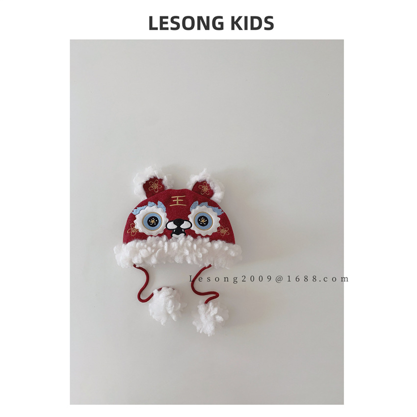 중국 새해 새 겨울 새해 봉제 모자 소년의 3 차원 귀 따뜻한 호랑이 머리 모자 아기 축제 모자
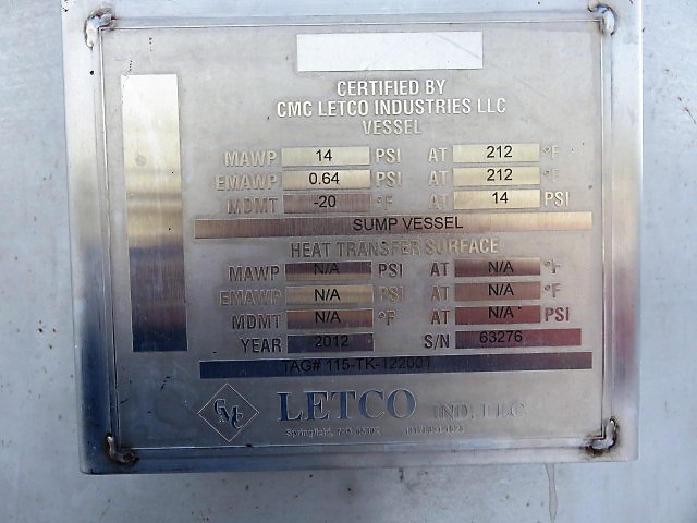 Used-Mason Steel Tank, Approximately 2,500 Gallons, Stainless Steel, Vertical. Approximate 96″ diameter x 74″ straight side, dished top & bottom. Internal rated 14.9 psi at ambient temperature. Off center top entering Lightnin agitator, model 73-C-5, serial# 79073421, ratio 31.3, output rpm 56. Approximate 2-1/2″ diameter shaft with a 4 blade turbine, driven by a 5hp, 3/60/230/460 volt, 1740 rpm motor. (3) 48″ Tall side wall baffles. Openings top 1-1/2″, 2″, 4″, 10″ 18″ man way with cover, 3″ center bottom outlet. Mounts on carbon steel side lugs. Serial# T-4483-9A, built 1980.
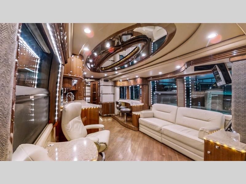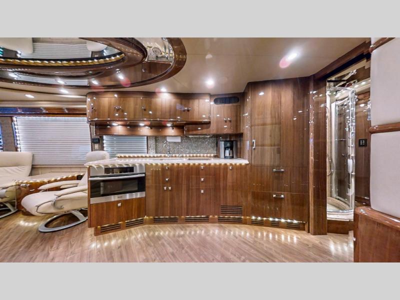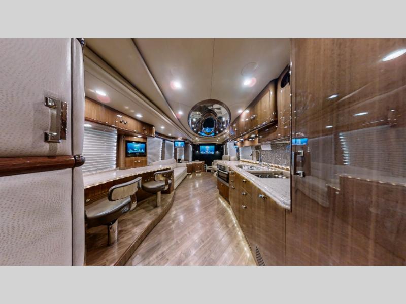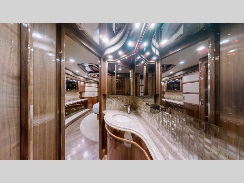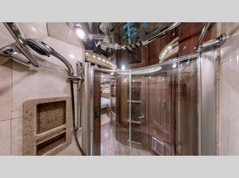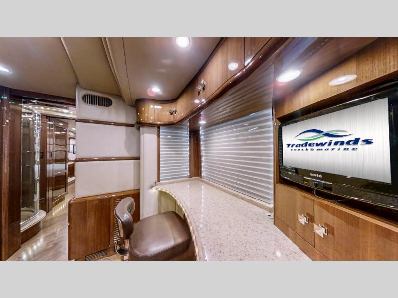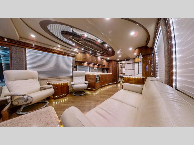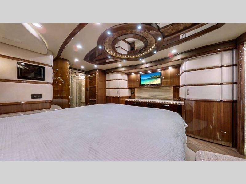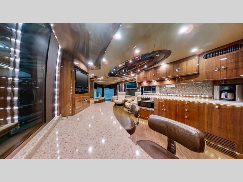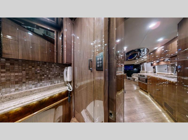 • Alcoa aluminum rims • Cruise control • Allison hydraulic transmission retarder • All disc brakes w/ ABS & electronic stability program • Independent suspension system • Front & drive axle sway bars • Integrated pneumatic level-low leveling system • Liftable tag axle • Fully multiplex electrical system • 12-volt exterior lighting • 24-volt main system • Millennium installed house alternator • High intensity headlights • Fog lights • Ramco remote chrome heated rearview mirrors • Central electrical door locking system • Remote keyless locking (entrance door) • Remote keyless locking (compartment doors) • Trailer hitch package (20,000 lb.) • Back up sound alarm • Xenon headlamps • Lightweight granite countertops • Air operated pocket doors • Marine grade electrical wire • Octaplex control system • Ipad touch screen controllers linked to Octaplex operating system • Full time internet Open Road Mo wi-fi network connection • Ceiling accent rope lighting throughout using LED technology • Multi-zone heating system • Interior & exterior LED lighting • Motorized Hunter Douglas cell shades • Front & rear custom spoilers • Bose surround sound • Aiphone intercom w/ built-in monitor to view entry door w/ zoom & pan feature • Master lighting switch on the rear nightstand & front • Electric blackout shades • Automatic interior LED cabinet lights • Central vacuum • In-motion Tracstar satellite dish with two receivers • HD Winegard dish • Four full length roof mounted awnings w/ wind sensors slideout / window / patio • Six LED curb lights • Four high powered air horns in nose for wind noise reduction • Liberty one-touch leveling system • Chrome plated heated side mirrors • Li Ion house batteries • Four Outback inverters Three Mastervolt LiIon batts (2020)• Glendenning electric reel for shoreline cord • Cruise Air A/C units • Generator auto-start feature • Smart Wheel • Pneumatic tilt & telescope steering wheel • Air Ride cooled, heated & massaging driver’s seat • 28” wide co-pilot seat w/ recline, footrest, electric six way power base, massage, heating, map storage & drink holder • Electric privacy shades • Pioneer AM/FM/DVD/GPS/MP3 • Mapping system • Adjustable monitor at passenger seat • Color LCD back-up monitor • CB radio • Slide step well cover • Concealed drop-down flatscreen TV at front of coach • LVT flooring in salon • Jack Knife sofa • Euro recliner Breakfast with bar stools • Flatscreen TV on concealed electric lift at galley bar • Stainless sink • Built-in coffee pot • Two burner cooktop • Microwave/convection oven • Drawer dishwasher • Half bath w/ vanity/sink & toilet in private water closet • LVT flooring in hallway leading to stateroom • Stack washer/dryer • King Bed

........

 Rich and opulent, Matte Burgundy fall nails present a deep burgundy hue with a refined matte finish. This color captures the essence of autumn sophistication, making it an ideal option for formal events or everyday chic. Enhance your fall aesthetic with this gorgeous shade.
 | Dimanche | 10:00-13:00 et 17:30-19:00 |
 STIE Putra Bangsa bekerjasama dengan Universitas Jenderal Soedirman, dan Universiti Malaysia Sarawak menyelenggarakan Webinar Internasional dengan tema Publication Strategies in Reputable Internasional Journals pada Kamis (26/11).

........

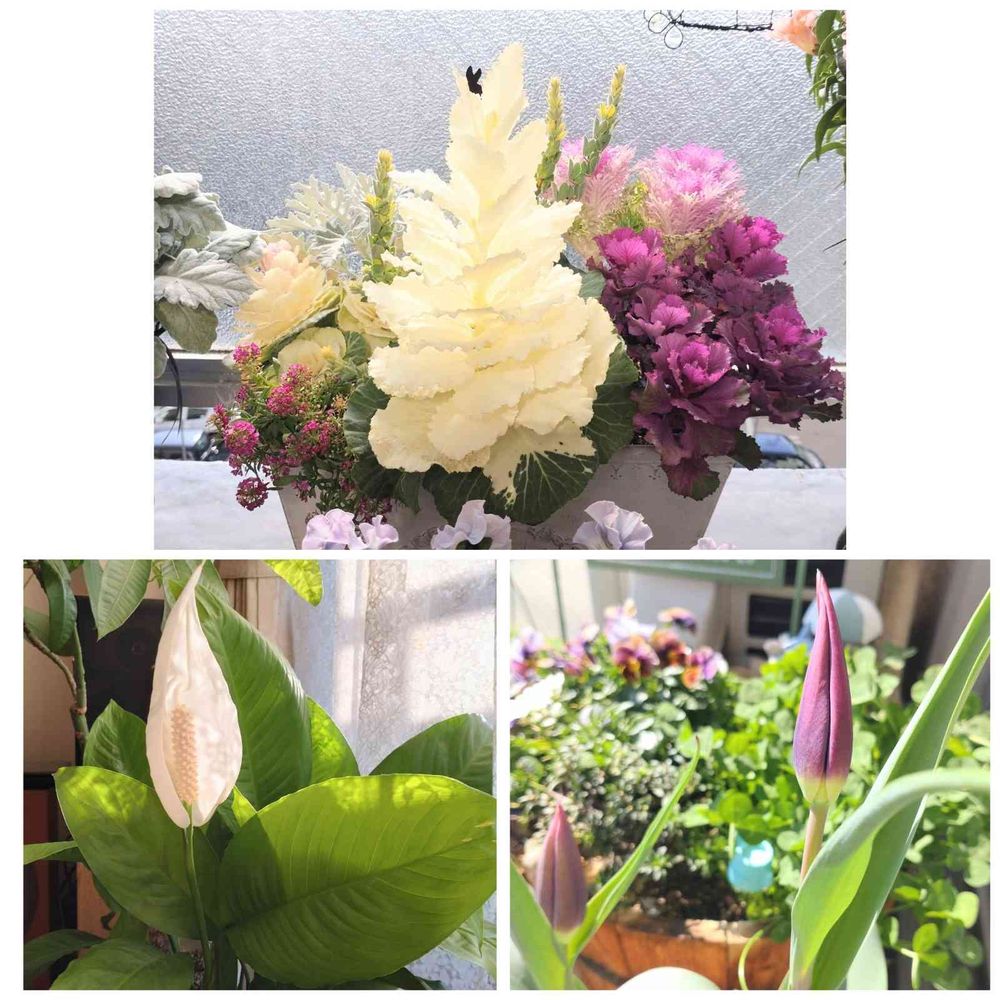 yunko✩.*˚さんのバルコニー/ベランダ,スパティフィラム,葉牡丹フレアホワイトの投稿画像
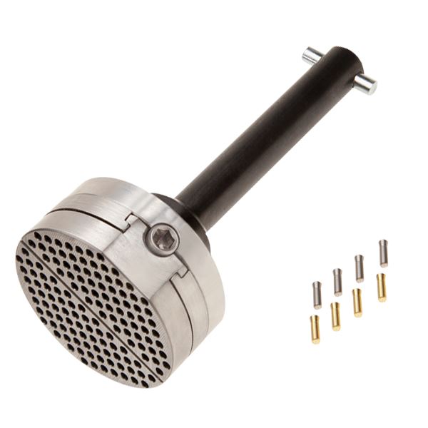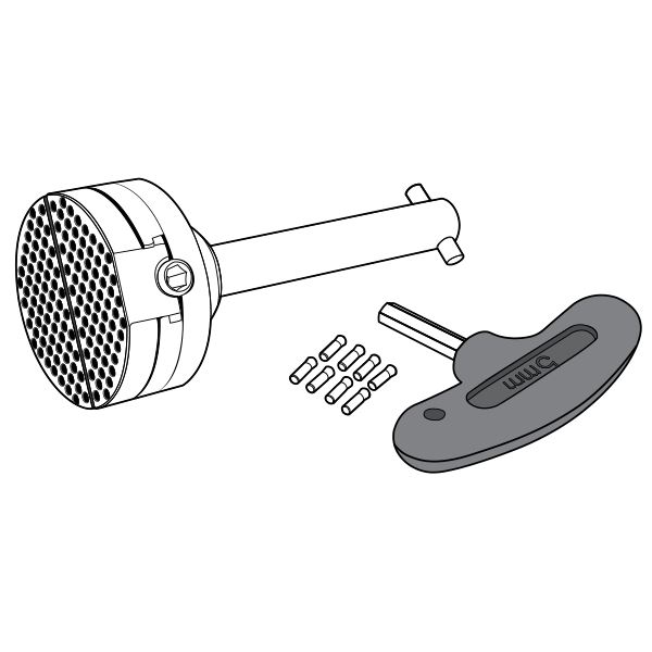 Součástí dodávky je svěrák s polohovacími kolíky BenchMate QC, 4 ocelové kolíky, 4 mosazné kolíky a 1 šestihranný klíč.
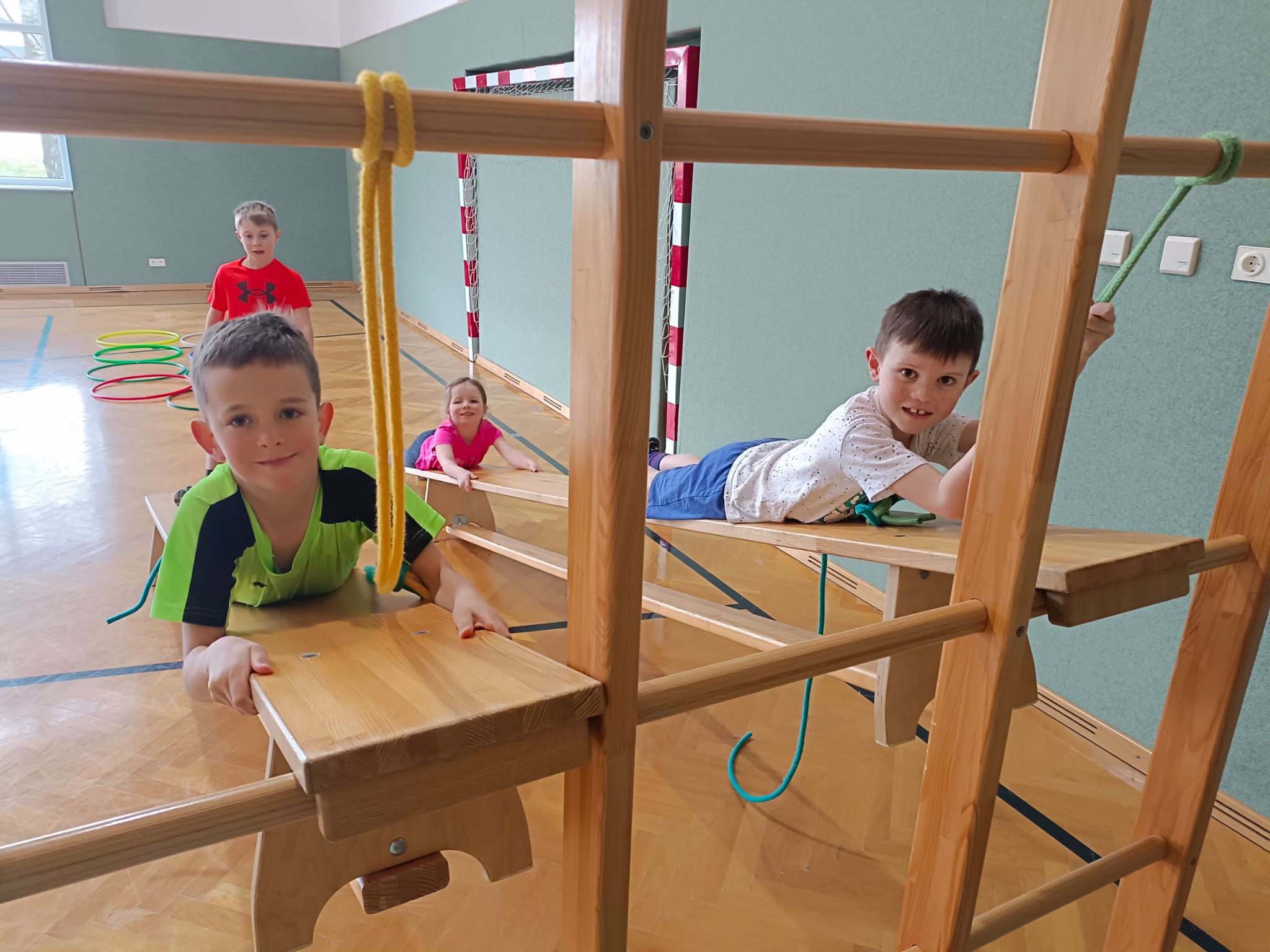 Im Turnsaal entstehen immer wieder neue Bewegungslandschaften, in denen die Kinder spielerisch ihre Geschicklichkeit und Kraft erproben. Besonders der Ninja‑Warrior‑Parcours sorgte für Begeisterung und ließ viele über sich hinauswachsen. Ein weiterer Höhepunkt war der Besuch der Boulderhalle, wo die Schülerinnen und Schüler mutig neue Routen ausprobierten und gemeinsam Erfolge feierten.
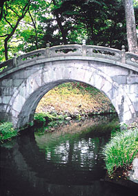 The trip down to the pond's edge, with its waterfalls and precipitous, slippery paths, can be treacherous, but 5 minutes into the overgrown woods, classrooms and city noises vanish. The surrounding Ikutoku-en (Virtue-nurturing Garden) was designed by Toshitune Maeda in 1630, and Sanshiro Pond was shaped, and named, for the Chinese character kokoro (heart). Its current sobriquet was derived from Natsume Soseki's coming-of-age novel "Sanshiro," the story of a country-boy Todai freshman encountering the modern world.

........

WHAT IS EXPECTED: Quote the listing above, but only from the line that shows "et 17:30-19:00 |" through the line that shows "STIE Putra Bangsa".

WORKED SOLUTION:
 | Dimanche | 10:00-13:00 et 17:30-19:00 |
 STIE Putra Bangsa bekerjasama dengan Universitas Jenderal Soedirman, dan Universiti Malaysia Sarawak menyelenggarakan Webinar Internasional dengan tema Publication Strategies in Reputable Internasional Journals pada Kamis (26/11).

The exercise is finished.